## AVAILABLE DATA
BEGIN

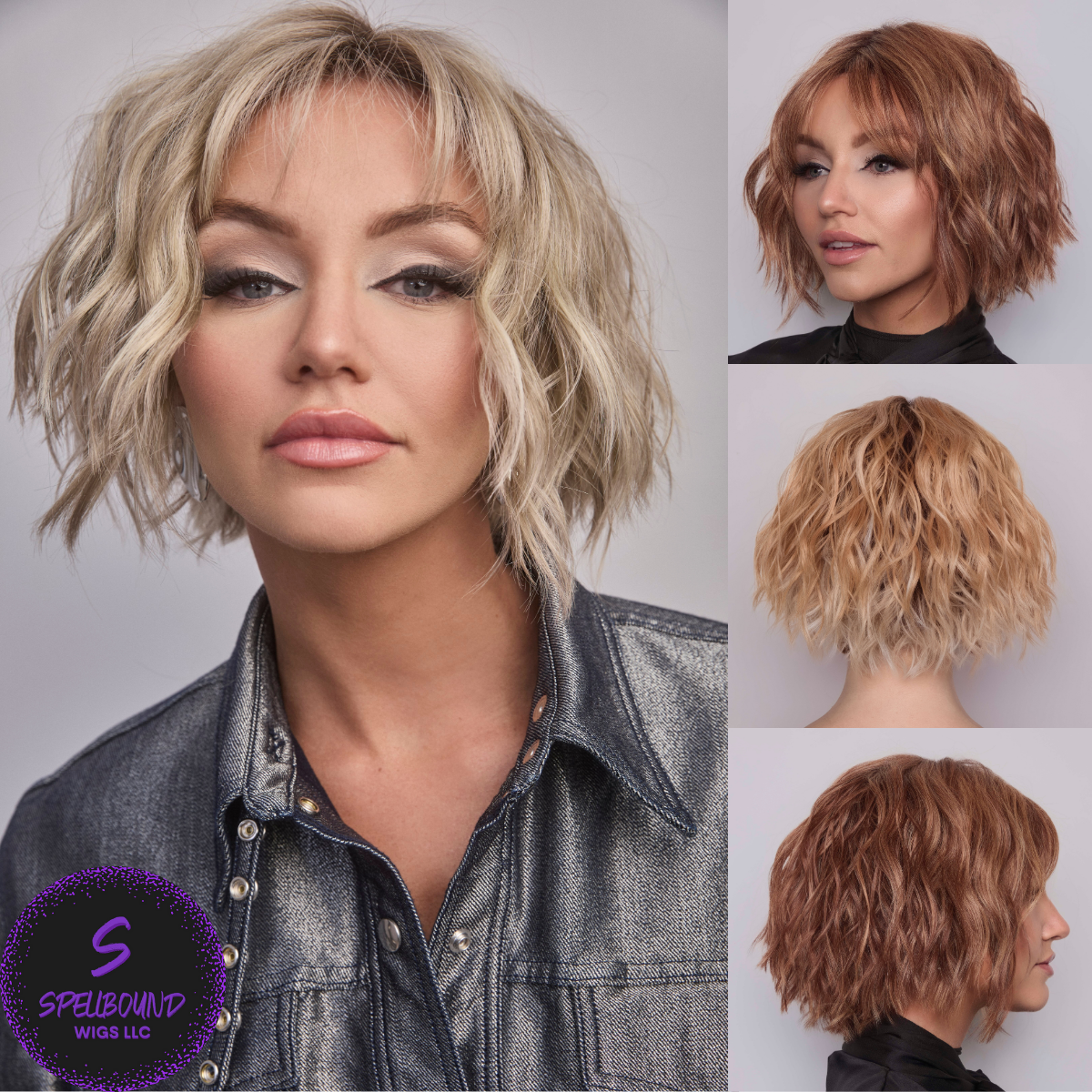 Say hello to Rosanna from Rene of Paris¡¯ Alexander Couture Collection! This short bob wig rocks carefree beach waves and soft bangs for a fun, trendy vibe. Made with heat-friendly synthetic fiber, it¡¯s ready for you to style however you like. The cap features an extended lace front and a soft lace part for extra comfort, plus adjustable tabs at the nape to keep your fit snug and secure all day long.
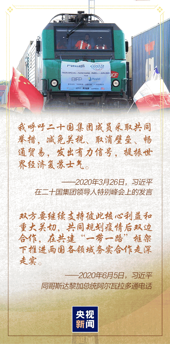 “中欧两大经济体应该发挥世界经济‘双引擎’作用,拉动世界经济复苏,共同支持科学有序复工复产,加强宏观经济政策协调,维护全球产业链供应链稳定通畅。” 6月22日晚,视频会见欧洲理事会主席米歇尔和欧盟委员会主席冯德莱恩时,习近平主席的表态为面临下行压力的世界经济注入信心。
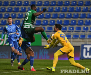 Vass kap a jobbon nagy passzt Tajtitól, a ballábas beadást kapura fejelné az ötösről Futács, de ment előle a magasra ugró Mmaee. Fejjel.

END

## TASK STATEMENT
Without any pictures, print the whole listing again exactly as it stands.

## ANSWER TO THIS EXERCISE
 Say hello to Rosanna from Rene of Paris¡¯ Alexander Couture Collection! This short bob wig rocks carefree beach waves and soft bangs for a fun, trendy vibe. Made with heat-friendly synthetic fiber, it¡¯s ready for you to style however you like. The cap features an extended lace front and a soft lace part for extra comfort, plus adjustable tabs at the nape to keep your fit snug and secure all day long.
 “中欧两大经济体应该发挥世界经济‘双引擎’作用,拉动世界经济复苏,共同支持科学有序复工复产,加强宏观经济政策协调,维护全球产业链供应链稳定通畅。” 6月22日晚,视频会见欧洲理事会主席米歇尔和欧盟委员会主席冯德莱恩时,习近平主席的表态为面临下行压力的世界经济注入信心。
 Vass kap a jobbon nagy passzt Tajtitól, a ballábas beadást kapura fejelné az ötösről Futács, de ment előle a magasra ugró Mmaee. Fejjel.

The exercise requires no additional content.